WHAT NEEDS TO BE DONE: Only the lines of the listing below that run from the line with "Угловые стенки устанавливаются" through the line with "Tuniek van roze" are to be set down, word for word. Pictures stay out.

RECORDS SHOWN:

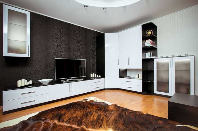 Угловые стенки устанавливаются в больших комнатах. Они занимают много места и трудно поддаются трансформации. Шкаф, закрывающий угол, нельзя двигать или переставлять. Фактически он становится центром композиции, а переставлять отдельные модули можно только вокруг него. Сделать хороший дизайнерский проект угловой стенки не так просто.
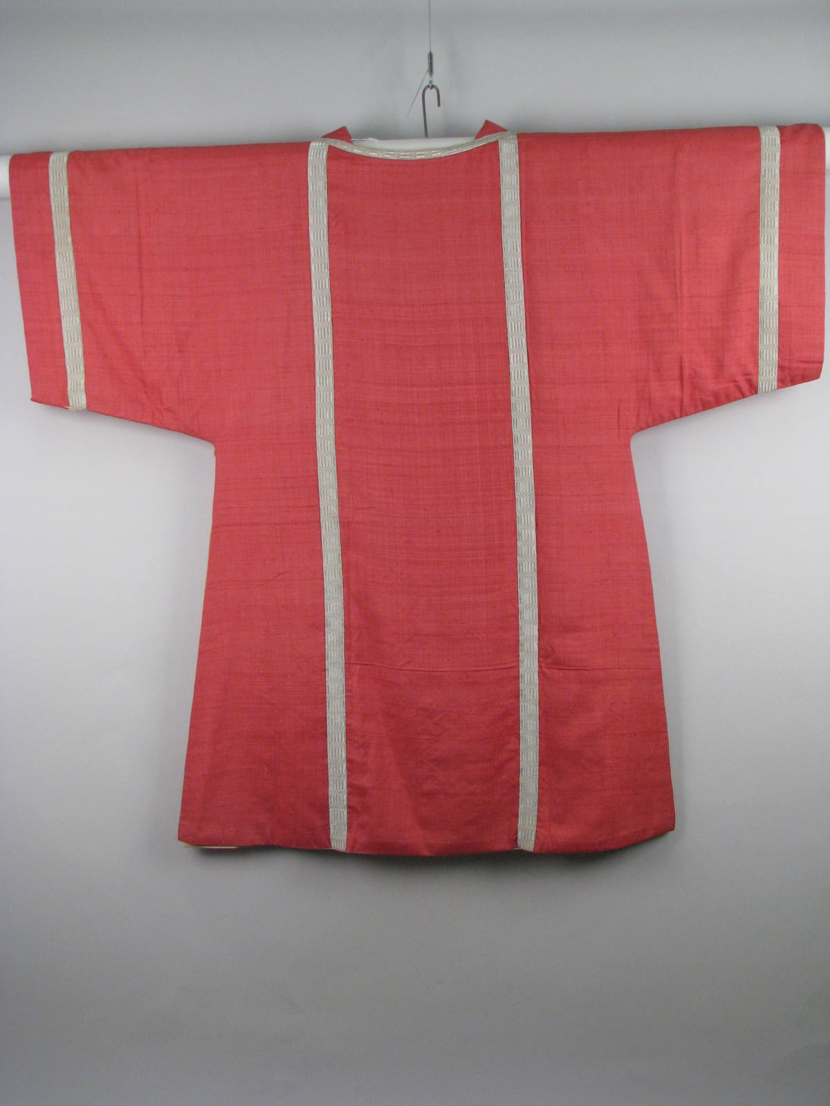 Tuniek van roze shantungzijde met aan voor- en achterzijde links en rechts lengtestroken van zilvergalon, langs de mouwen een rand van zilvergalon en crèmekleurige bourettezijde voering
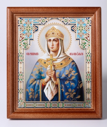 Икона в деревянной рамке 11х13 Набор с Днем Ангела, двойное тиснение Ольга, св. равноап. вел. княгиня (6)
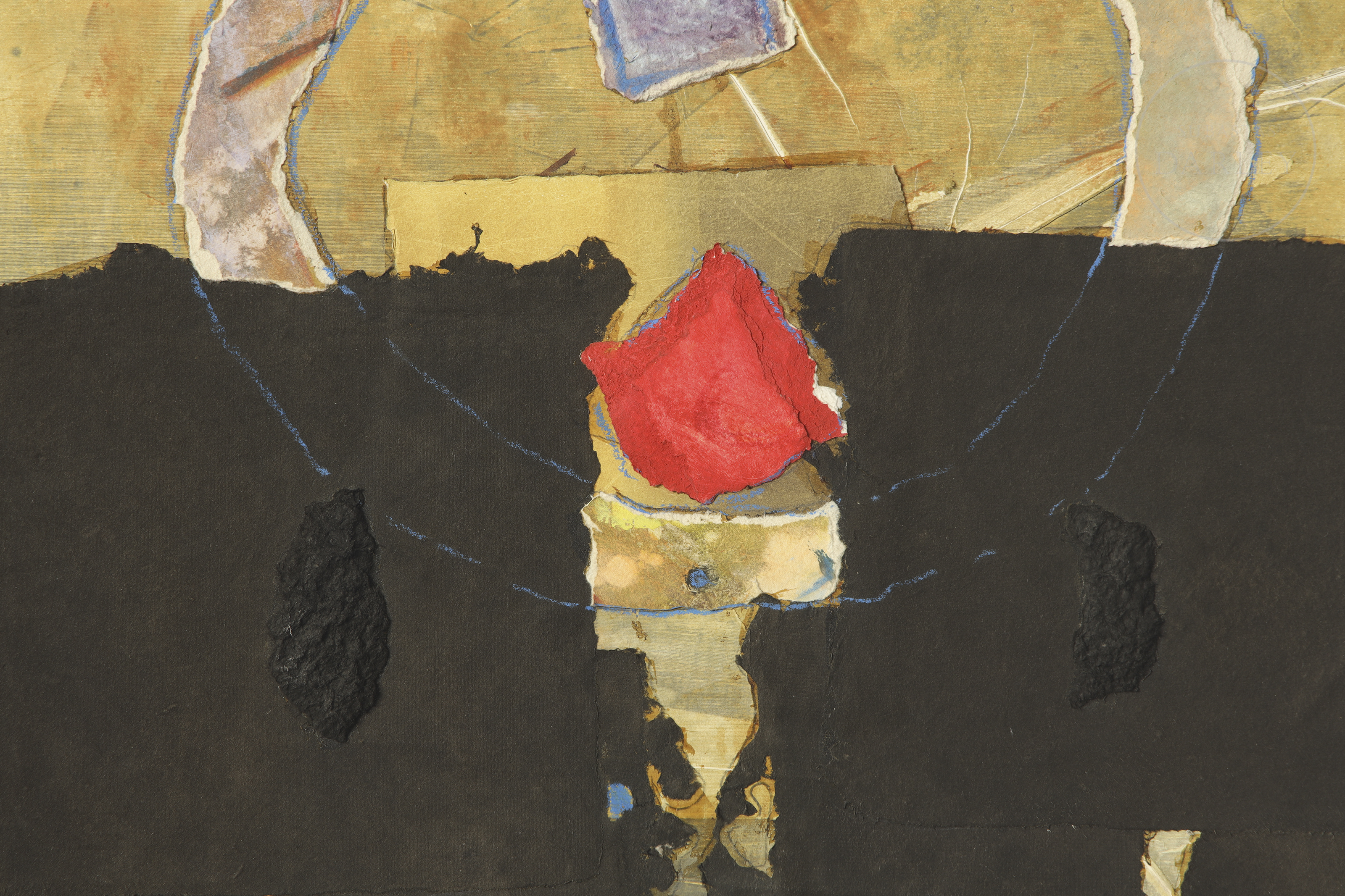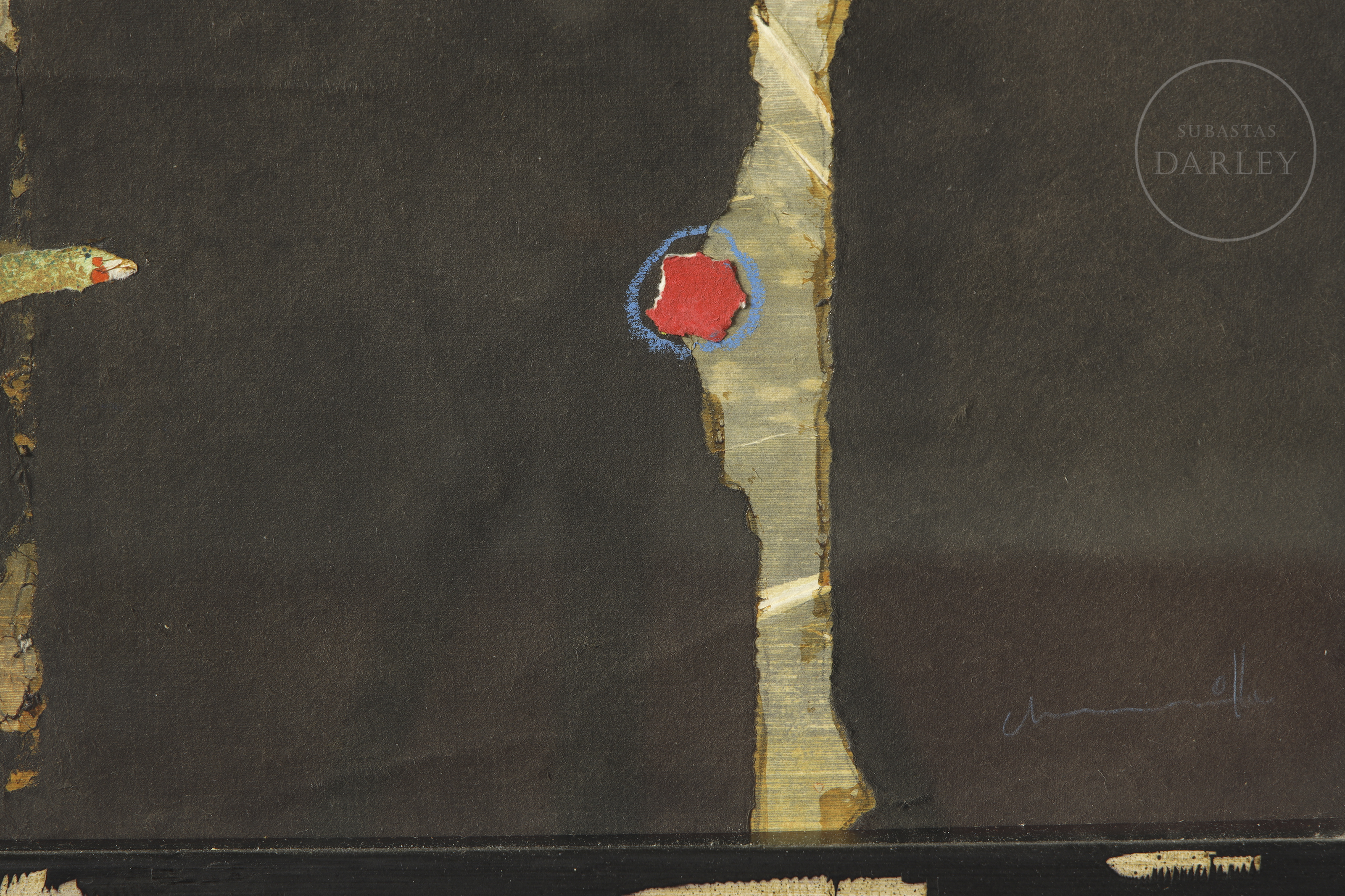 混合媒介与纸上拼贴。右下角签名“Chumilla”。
---
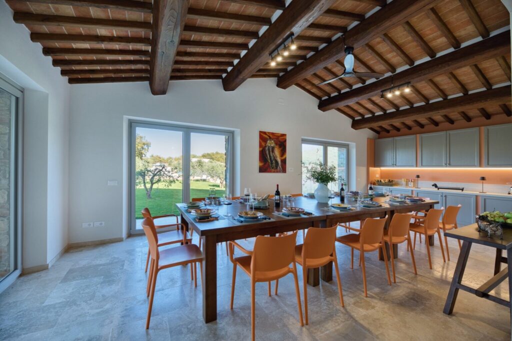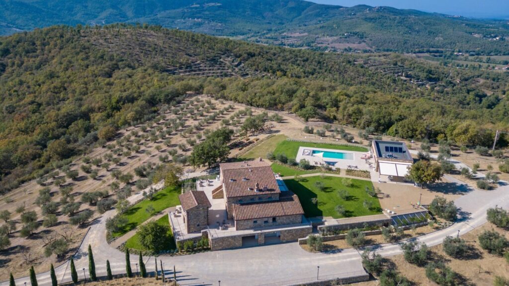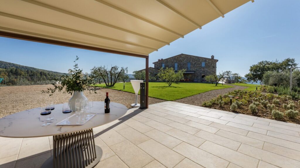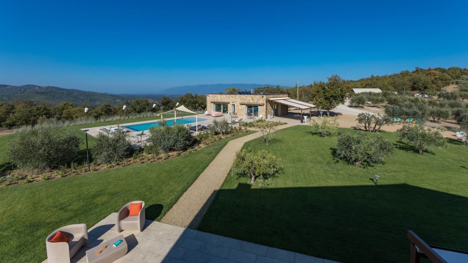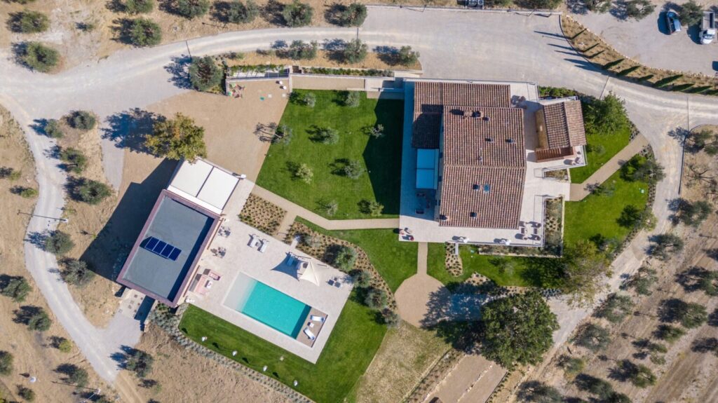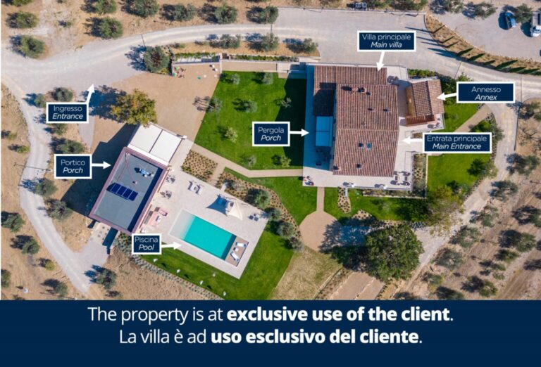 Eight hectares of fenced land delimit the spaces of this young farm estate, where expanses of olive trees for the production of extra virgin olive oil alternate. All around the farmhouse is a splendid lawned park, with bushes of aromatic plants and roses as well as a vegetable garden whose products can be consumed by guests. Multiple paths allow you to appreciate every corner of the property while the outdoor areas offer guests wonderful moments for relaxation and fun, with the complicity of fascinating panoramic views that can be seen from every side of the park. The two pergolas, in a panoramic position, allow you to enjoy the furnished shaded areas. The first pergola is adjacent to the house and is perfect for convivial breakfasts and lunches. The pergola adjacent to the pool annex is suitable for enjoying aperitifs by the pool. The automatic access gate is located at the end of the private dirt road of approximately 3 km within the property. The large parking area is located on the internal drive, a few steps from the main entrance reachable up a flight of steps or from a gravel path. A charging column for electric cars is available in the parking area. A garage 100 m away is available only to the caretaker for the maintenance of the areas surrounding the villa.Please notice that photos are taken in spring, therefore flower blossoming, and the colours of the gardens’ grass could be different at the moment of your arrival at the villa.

SOLUTION:
 Угловые стенки устанавливаются в больших комнатах. Они занимают много места и трудно поддаются трансформации. Шкаф, закрывающий угол, нельзя двигать или переставлять. Фактически он становится центром композиции, а переставлять отдельные модули можно только вокруг него. Сделать хороший дизайнерский проект угловой стенки не так просто.
 Tuniek van roze shantungzijde met aan voor- en achterzijde links en rechts lengtestroken van zilvergalon, langs de mouwen een rand van zilvergalon en crèmekleurige bourettezijde voering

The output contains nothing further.